Problem
When you try to migrate a job from classic compute to serverless, the job fails with the following error.
pyspark.errors.exceptions.connect.ArrayIndexOutOfBoundsException: [INVALID_ARRAY_INDEX] The index 0 is out of bounds. The array has 0 elements. Use the SQL function `get()` to tolerate accessing element at invalid index and return NULL instead. SQLSTATE: 22003
Cause
In serverless compute, ANSI SQL strictly enforces valid SQL operations by default, resulting in errors when invalid operations are encountered.

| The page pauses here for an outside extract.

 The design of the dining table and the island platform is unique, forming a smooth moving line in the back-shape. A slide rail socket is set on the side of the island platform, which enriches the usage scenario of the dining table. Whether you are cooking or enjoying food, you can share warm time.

In classic compute, ANSI SQL is disabled by default, allowing invalid operations to proceed without errors. For example, when you use the following code snippet to try to access an element in an empty array, the attempt triggers the ArrayIndexOutOfBoundsException
.
df1 = df.filter(col("<your-keywords>").getItem(0).isNotNull())
Solution
You can either rewrite your code using the get()

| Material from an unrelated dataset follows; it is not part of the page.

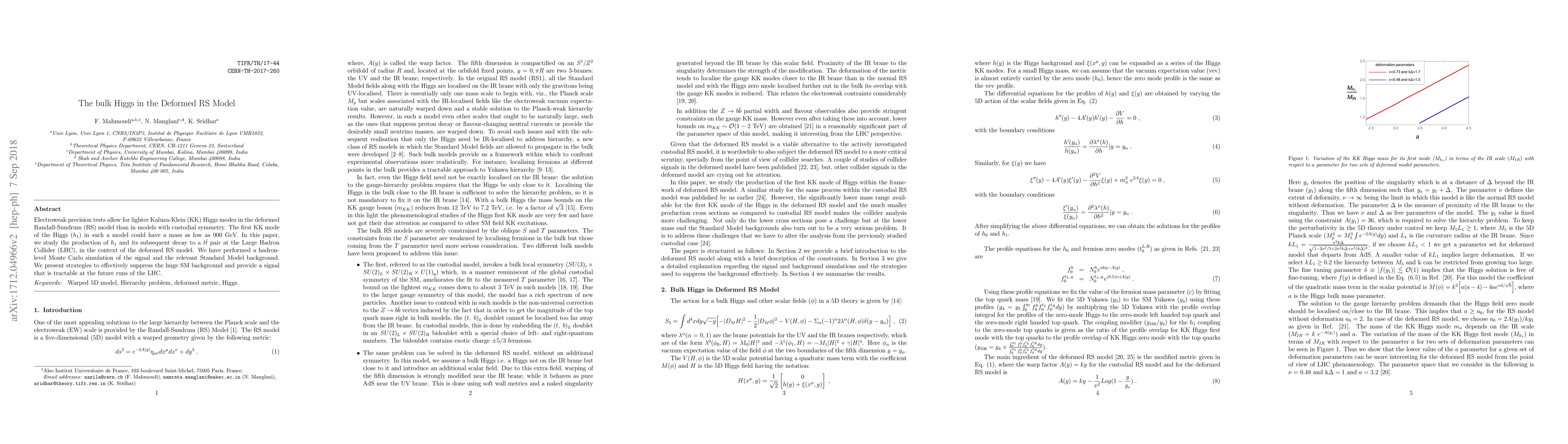The Randall-Sundrum model with a deformed metric can generate light Kaluza-Klein (KK) Higgs modes consistent with the electroweak precision analysis for a certain range of parameters. The first KK mode of the Higgs ($h_{1}$) in such a model could lie in the mass range varying from 800 GeV to 1.3 TeV. We find that the $h_{1}$ is gaugephobic and decays dominantly into a $t\bar{t}$ pair. The search strategy for $h_{1}$ decaying to $t\bar{t}$ at the Large Hadron Collider (LHC) in this low mass range has been studies. We have used substructure tools to suppress the large QCD background associated with this channel. We find that $h_{1}$ can be probed at the LHC.

function or disable ANSI SQL.
Rewrite the code using the get() function
Replace the code snippet causing the issue with the get()
function, which returns the element at the given index if it exists or returns NULL
if the index is out of bounds. The following code provides an example.
df1 = df.filter(get(col("<your-keywords>"),0).isNotNull())
Disable ANSI SQL
Set the spark.sql.ansi.enabled
property to false when using serverless compute. Setting this property to false disables the stricter ANSI SQL behavior.
You can set the following config using a notebook.
spark.conf.set("spark.sql.ansi.enabled", "false”)